Pólya urn combinatorial probability limiting distribution multivariate central limit theorem multivariate martingale

MSC classification

Primary: 60F05: Central limit and other weak theorems

Secondary: 60C05: Combinatorial probability 60G46: Martingales and classical analysis

Type: Original Article
Information: Journal of Applied Probability , First View , pp. 1 - 24

DOI: https://doi.org/10.1017/jpr.2024.101 [Opens in a new window]
Copyright: © The Author(s), 2024. Published by Cambridge University Press on behalf of Applied Probability Trust

1. Introduction

Pólya urns are popular modeling tools, as they capture the dynamics of many real-world applications involving change over time. Numerous applications in informatics and biosciences are listed in [Reference Mahmoud24]; see also [Reference Johnson and Kotz15, Reference Kotz and Balakrishnan19] for a wider perspective.

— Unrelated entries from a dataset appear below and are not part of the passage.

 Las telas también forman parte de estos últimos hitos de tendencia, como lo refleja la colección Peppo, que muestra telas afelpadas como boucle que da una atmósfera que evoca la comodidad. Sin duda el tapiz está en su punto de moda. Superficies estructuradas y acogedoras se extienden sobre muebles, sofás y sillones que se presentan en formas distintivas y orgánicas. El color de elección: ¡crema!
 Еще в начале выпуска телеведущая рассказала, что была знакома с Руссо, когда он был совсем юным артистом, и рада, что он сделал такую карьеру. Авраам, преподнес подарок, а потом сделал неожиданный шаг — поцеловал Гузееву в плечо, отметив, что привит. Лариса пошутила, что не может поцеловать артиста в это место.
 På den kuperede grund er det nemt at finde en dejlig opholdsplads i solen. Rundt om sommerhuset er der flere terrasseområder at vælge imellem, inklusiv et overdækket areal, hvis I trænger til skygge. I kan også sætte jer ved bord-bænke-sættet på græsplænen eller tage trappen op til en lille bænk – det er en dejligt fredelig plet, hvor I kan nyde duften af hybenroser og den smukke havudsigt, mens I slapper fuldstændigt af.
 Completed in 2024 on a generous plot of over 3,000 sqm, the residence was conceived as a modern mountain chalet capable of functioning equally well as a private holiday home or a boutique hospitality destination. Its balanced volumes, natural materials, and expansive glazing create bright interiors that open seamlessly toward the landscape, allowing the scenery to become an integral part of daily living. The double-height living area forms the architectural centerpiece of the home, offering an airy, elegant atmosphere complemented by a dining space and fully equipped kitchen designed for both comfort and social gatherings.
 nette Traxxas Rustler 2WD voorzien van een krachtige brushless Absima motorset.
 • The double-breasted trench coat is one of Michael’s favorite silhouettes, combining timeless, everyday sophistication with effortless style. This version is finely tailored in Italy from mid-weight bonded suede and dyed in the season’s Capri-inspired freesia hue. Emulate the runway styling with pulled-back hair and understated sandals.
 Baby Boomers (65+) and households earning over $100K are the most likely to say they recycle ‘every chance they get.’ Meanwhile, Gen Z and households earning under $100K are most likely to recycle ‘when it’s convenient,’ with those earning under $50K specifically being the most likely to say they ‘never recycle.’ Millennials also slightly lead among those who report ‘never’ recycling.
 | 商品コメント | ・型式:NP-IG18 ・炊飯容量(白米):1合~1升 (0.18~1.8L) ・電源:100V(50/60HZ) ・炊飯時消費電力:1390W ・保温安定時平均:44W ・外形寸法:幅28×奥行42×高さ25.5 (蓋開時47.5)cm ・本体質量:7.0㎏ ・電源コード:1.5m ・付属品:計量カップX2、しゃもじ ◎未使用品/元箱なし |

In the early models, single balls are drawn one at a time. In the last two decades, several authors have generalized the models to schemes evolving on multiple drawing; see [Reference Bose, Dasgupta and Maulik3, Reference Chen and Kuba5–Reference Crimaldi, Louis and Minelli7, Reference Kuba and Mahmoud21–Reference Lasmar, Mailler and Selmi23, Reference Mahmoud25]. However, most of these investigations deal only with urn schemes involving two colors. So far, explicit expressions and asymptotic expansions for the expected value, the variance and covariances, and higher moments have proven to be elusive in the multicolor case.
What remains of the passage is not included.